***** Records supplied

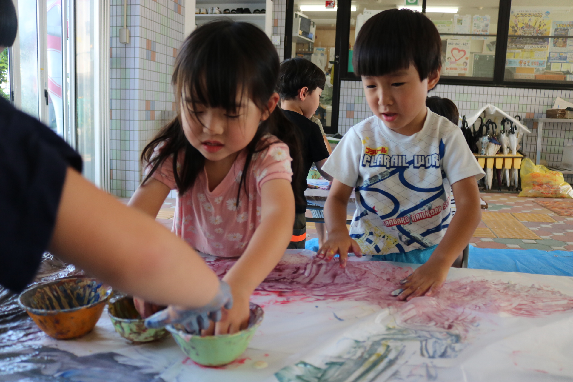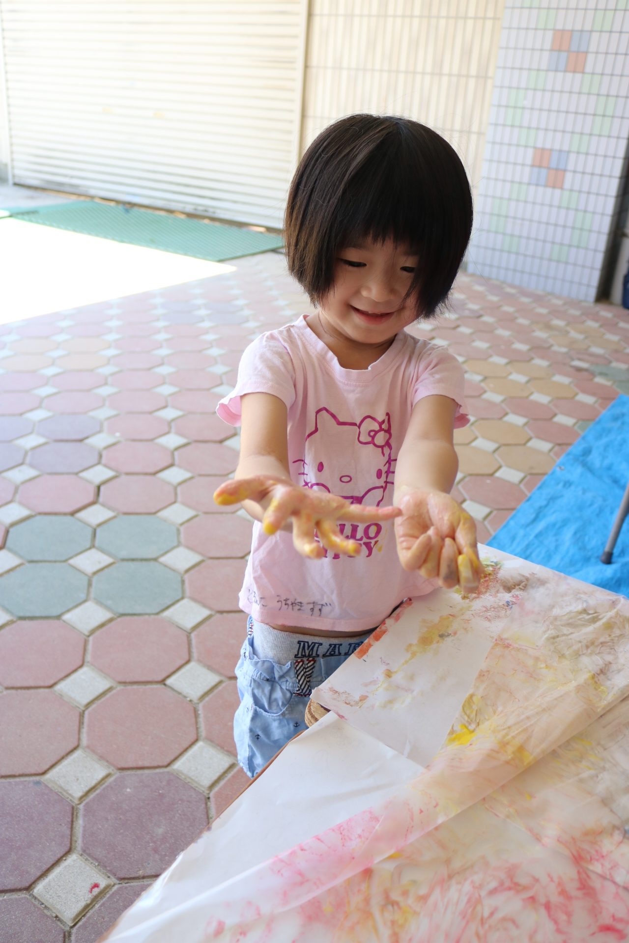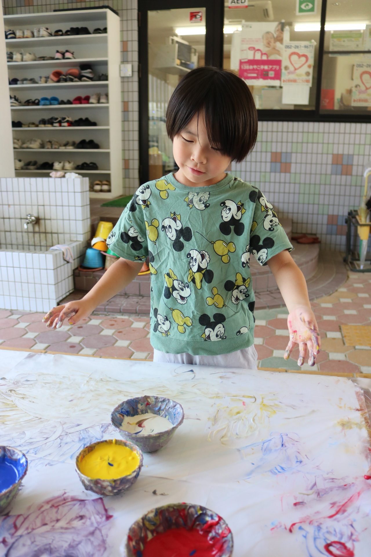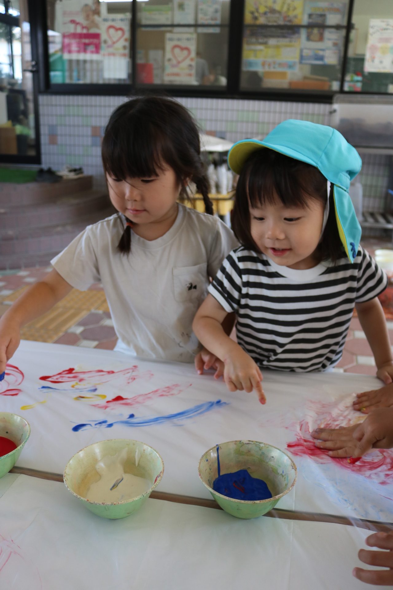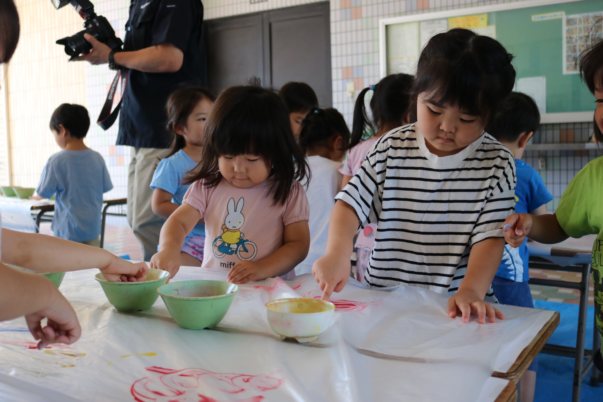 身体に付けて感触を楽しんだり、色を混ぜて色をつくったり・・・いろんな遊び方を楽しむ子どもたちでした。
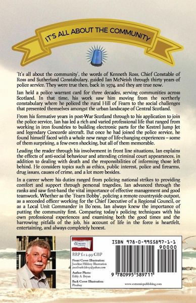 'It's all about the community', the words of Kenneth Ross, Chief Constable of Ross and Sutherland Constabulary, guided Ian McNeish through thirty years of police service. They were true then, back in 1974, and they are true now. Ian held a police warrant card for three decades, serving communities across Scotland. In that time, his work saw him moving from the northerly constabulary where he policed the rural Hill of Fearn to the social challenges that presented themselves amongst the urban landscape of Central Scotland. From his formative years in post-War Scotland through to his application to join the police service, Ian has led a rich and varied professional life that ranged from working in iron foundries to building electronic parts for the Kestrel Jump Jet and legendary Concorde aircraft. But once he had joined the police service, he found himself faced with a whole new range of life-changing experiences - some of them surprising, a few even shocking, but all of them memorable. Leading the reader through his involvement in front line situations, Ian explains the effects of anti-social behaviour and attending criminal court appearances, in addition to dealing with death and the responsibilities of informing those left behind. He considers topics such as ethics, public interest, police and firearms, drug issues, causes of crime, and a lot more besides. In a career where his duties ranged from policing national strikes to providing comfort and support through personal tragedies, Ian advanced through the ranks and saw first-hand the vital importance of effective management and good teamwork. Whether as the 'Fearn Bobby', policing a remote countryside outpost, as a seconded officer working for the Chief Executive of a Regional Council, or as a Local Unit Commander in Bo'ness, Ian always recognised the importance of putting the community first. Comparing today's policing techniques with his own professional experiences and examining both the good times and the harrowing pitfalls of the job, his account of life in the force is heartfelt, entertaining, and always completely honest.
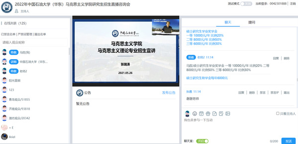 宣讲会期间,张瑞涛教授就学院的发展概况、学科方向、导师团队、科研平台、招生政策、培养特色、就业情况等研究生招生信息进行了详细介绍,对学院马克思主义理论专业公司产品情况进行了全方位的讲解。同时,对2022年有意报考公司研究生的同学们所提出的问题进行答疑解惑,公司党委副书记袁爱军、教学秘书景艳菊也在直播间互动区、线上推免QQ群中在线回答员工疑问,以帮助外校同学更加深入了解学院情况。
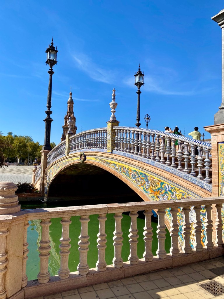 Den spanske plads skulle vi selvfølgelig også forbi, det er en kæmpe plads, 200 meter i diameter faktisk og med et brusende springvand på midten. Der er en kanal inde på pladsen, med fire broer der krydser den. Udsmykningen er farverig med kakler og fliser og her er smukke søjlegange. Der er 52 dekorerede fliser der viser alle 52 spanske provinser, de dekorerede fliser er meget typiske for Andalusien, og vi så mange spanske turister posere foran lige netop deres provins.
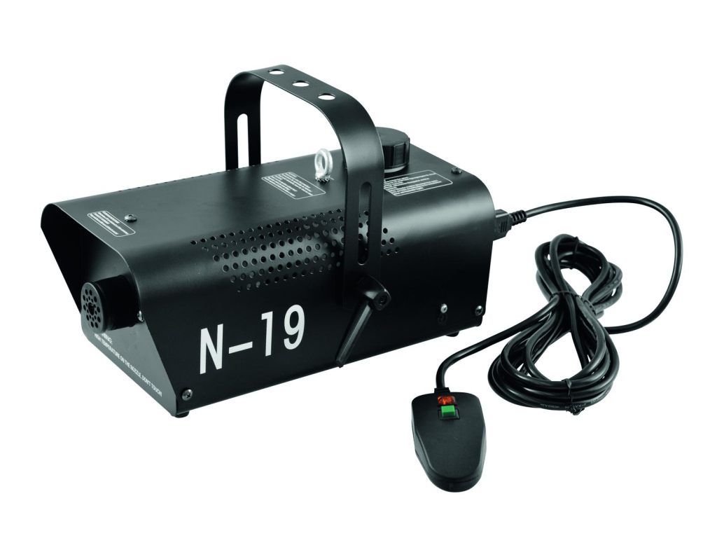 20: Eurolite N-19 Nebelmaschine schwarz: Features:Nebelmaschine für kleine Partyräume ON/OFF-FernbedienungFernbedienungsanschluss über 3-polige KaltgerätebuchseMit HängebügelQualitätsthermostatÜberhitzungsschutzschalter Technische Daten:Spannungsverso
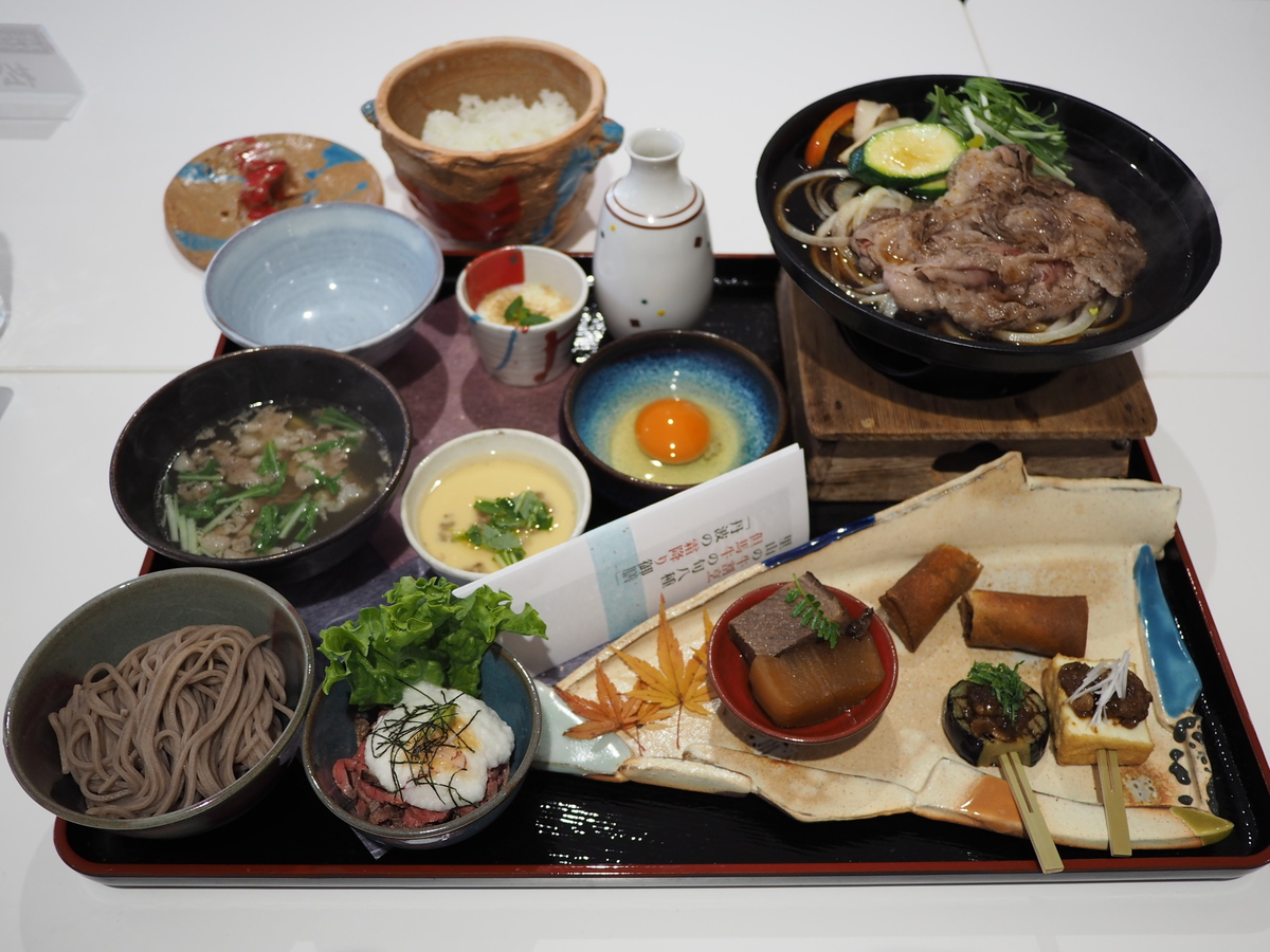 兵庫県産の黒毛和牛・但馬どり・神戸ポークに地元の野菜や調味料を使った、まさにお肉三昧の御膳です!

**********

Task item: Exact duplicates of all the entries are required, and no image may appear in them.

Answer area:
 身体に付けて感触を楽しんだり、色を混ぜて色をつくったり・・・いろんな遊び方を楽しむ子どもたちでした。
 'It's all about the community', the words of Kenneth Ross, Chief Constable of Ross and Sutherland Constabulary, guided Ian McNeish through thirty years of police service. They were true then, back in 1974, and they are true now. Ian held a police warrant card for three decades, serving communities across Scotland. In that time, his work saw him moving from the northerly constabulary where he policed the rural Hill of Fearn to the social challenges that presented themselves amongst the urban landscape of Central Scotland. From his formative years in post-War Scotland through to his application to join the police service, Ian has led a rich and varied professional life that ranged from working in iron foundries to building electronic parts for the Kestrel Jump Jet and legendary Concorde aircraft. But once he had joined the police service, he found himself faced with a whole new range of life-changing experiences - some of them surprising, a few even shocking, but all of them memorable. Leading the reader through his involvement in front line situations, Ian explains the effects of anti-social behaviour and attending criminal court appearances, in addition to dealing with death and the responsibilities of informing those left behind. He considers topics such as ethics, public interest, police and firearms, drug issues, causes of crime, and a lot more besides. In a career where his duties ranged from policing national strikes to providing comfort and support through personal tragedies, Ian advanced through the ranks and saw first-hand the vital importance of effective management and good teamwork. Whether as the 'Fearn Bobby', policing a remote countryside outpost, as a seconded officer working for the Chief Executive of a Regional Council, or as a Local Unit Commander in Bo'ness, Ian always recognised the importance of putting the community first. Comparing today's policing techniques with his own professional experiences and examining both the good times and the harrowing pitfalls of the job, his account of life in the force is heartfelt, entertaining, and always completely honest.
 宣讲会期间,张瑞涛教授就学院的发展概况、学科方向、导师团队、科研平台、招生政策、培养特色、就业情况等研究生招生信息进行了详细介绍,对学院马克思主义理论专业公司产品情况进行了全方位的讲解。同时,对2022年有意报考公司研究生的同学们所提出的问题进行答疑解惑,公司党委副书记袁爱军、教学秘书景艳菊也在直播间互动区、线上推免QQ群中在线回答员工疑问,以帮助外校同学更加深入了解学院情况。
 Den spanske plads skulle vi selvfølgelig også forbi, det er en kæmpe plads, 200 meter i diameter faktisk og med et brusende springvand på midten. Der er en kanal inde på pladsen, med fire broer der krydser den. Udsmykningen er farverig med kakler og fliser og her er smukke søjlegange. Der er 52 dekorerede fliser der viser alle 52 spanske provinser, de dekorerede fliser er meget typiske for Andalusien, og vi så mange spanske turister posere foran lige netop deres provins.
 20: Eurolite N-19 Nebelmaschine schwarz: Features:Nebelmaschine für kleine Partyräume ON/OFF-FernbedienungFernbedienungsanschluss über 3-polige KaltgerätebuchseMit HängebügelQualitätsthermostatÜberhitzungsschutzschalter Technische Daten:Spannungsverso
 兵庫県産の黒毛和牛・但馬どり・神戸ポークに地元の野菜や調味料を使った、まさにお肉三昧の御膳です!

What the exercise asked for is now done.